Metformin Induces Resistance of Cancer Cells to the Proteasome Inhibitor Bortezomib

Round 1

Reviewer 1 Report

Schlesser et al reported here that high-dose metformin could cause bortezomib resistance in cancer cells by downregulating proteasome assembly and activity. This is a continuation of their previous work showing a similar response in MEFs. In the current study, the authors found in two cancer cell lines (Jeko-1 and H1299) that metformin alone led to reduced cell proliferation, whereas co-treatment of cells with metformin and bortezomib ameliorated the pro-apoptotic effect of the latter drug. This phenomenon was attributed to decreased proteasome activity (of the 26S/30S holoenzymes) after metformin treatment, which caused dysregulation of proteasome assembly chaperones such as S5b and p28.

There are 3 major concerns about this work.

1. The authors simply repeated a small portion of experiments in their 2020 Cell Rep. paper, using different cell lines. Although they tried to make a connection with cancer treatment, conceptually there seems to be no significant advancement towards a deeper understanding of proteasome regulation.
2. Many metformin-related papers, including this one, relied on very high concentrations of the drug to achieve mitochondrial inhibition. The results are likely not physiologically relevant, esp. considering the recent discovery of a true metformin target (PEN2, Ma et al, Nature, 2022) which responds to micromolar metformin (as opposed to 10 mM used in this study). Admittedly, metformin is a fairly safe drug and may occasionally accumulate to high concentrations in the body. However, given our renewed view of metformin action, the authors can at least try using a lower concentration of the drug or test other mito-targeting compounds at relevant dosages.
3. In their Cell Rep. paper, the authors identified mTOR-regulated protein translation control as a potential mechanism for the downregulation of proteasome chaperones in response to metformin. But in the current study they did not show if the same mechanism was at work in the cancer cells, nor did they explain why S5b and p28 were regulated differently in each cell line. Moreover, the rather acute responses seen here are unlikely to be explained by the change of cell state/identity as proposed by Tsvetkov et al.

Minor points:

Line 164: “The doubling time of both Jeko-1 and H1299 cells was clearly reduced by treatment with 164 10 mM metformin” – The doubling time should be INCREASED as metformin inhibits cell proliferation.

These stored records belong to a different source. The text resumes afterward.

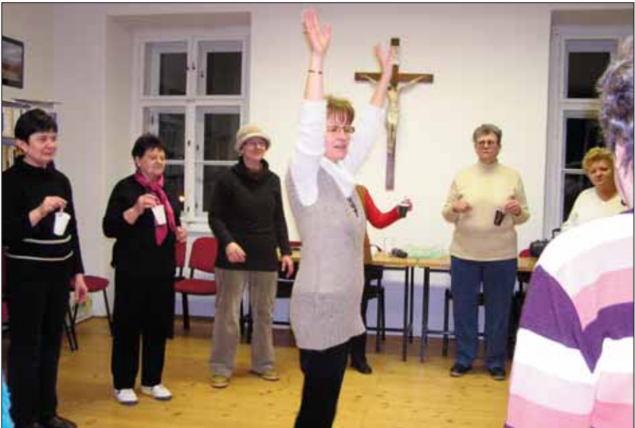
Ze setkání Klubu aktivních seniorů KLAS

Nadešel čas, začíná KLAS, co nám dnes přinese, čím zase novým potěší nás, na to se těší snad každá z nás.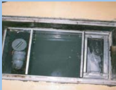
レストランのグリーストラップ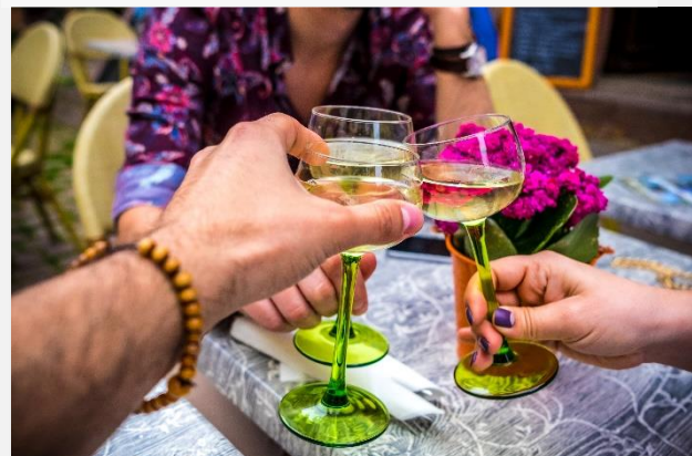
Κρασι Αλσατίας στην υγεία σας!

Figure 1c, d: Axis labels of the FACS data are illegible.

Lines 251-255: Despite its structural role in proteasome assembly, Rpn6 is not considered as an assembly factor. In addition, S5b should not be labeled as an inhibitor, as the base chaperones are all important for assembly, even though all of them can block RP-CP interaction when expressed in excess.

Author Response

Please see attachment

Author Response File: Author Response.pdf

Reviewer 2 Report

The manuscript by Schlesser et al. “Metformin induces resistance of cancer cells to the proteasome inhibitor Bortezomib” describes resistance of cancer cells treated with well-known anti-diabetic drug to proteasome inhibitor Bortezomib. The manuscript is clear, well-written and describes an intriguing observation. I suppose that the manuscript will be interesting to researchers working in the field, and I think it could be published in Biomolecules after a Minor revision.

I have only few comments:

Major point

-Does the Metformin alone have an effect in the MTT test or affect Annexin or PI staining of cells? Perhaps this additional control might be worth to add.

Minor points

-Please give a link or a number for trials that are testing the specific anti-tumor effect of metformin or PIs instead of providing a general link “www.clinicaltrials.gov”

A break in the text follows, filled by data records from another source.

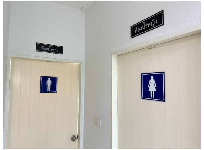
ห้องนํ้าสะอาดแยกชายหญิง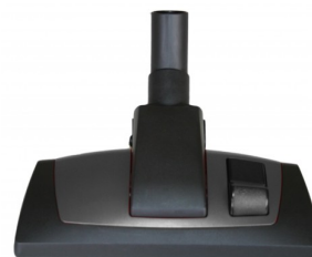
414454 BROSSE COMBINEE PROFI 29 CM DIA.35MM STARMIX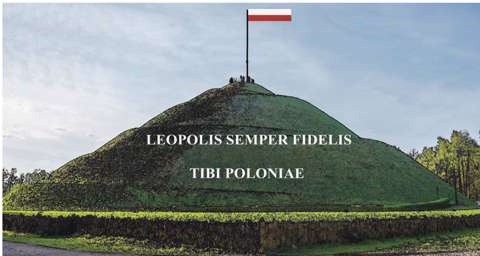
Tak może wyglądać Kopiec Obrońców Lwowa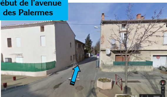
Début de l'avenue des Palermes

-Lane 164. It is written that “The doubling time of both Jeko-1 and H1299 cells was clearly reduced by treatment with 10 mM metformin”. However, if we consider the doubling time as the time needed to double the cell population in the culture it was obviously increased e.g. cells started to grow slowly as it could be seen in the Figure 1a where the number of doublings per day is significantly decreased for the metformin-treated cells.

-Please increase the font size of the axis labels Figure 1c,d (flow cytometry)

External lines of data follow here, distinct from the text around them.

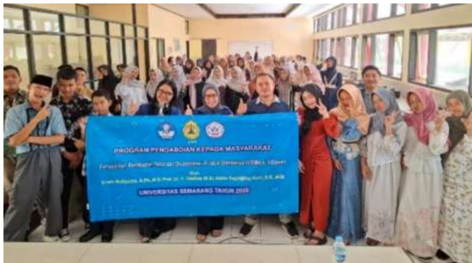
Gambar 2. Penyuluhan Pembuatan Nata dan Diversifikasi Produk Olahannya

Pembahasan terkait diversifikasi produk nata juga menjadi bagian penting dalam kegiatan ini. Pengenalan berbagai bentuk produk olahan seperti minuman nata, dessert, pudding, dan camilan berbasis nata terbukti mampu meningkatkan minat dan kreativitas siswa dalam mengembangkan produk inovatif. Hal ini menunjukkan bahwa diversifikasi produk berperan strategis dalam meningkatkan daya saing produk hasil pembelajaran sekaligus menumbuhkan jiwa kewirausahaan siswa. Temuan ini sejalan dengan hasil penelitian sebelumnya yang menyatakan bahwa pengembangan produk berbasis fermentasi lokal dapat menjadi sarana efektif dalam menanamkan kompetensi kewirausahaan di sekolah kejuruan (Mustofa et al., 2024).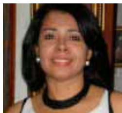
Por Zobeyda Cepeda

La escuela debe diseñar e implementar programas que promuevan relaciones igualitarias y valores de respeto ausentes del machismo violento y asesinator. Enseñar la utilización de lenguaje incluyente, no sexista; junto a la familia, la formación de la personalidad sin encajar en parámetros sexuales. A soltar los mecanismos de control aprendidos así como los de codependencia para aprender a vivir la humanidad en plenitud y libertad independientemente del sexo.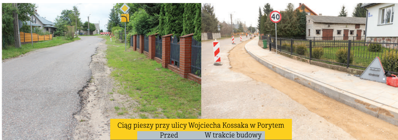
Ciąg pieszy przy ulicy Wojciecha Kossaka w Porytem

Finally, is there an activity increase of 11S capped proteasomes following the metformin treatment in Jeko1 cells? I do not insist on any corrections rather a question of curiosity.

P.S. I liked the quality of Native PAGE very much!

Author Response

please see attachment

Author Response File: Author Response.pdf

Round 2

Reviewer 1 Report

The authors have provided reasonable replies to my concerns.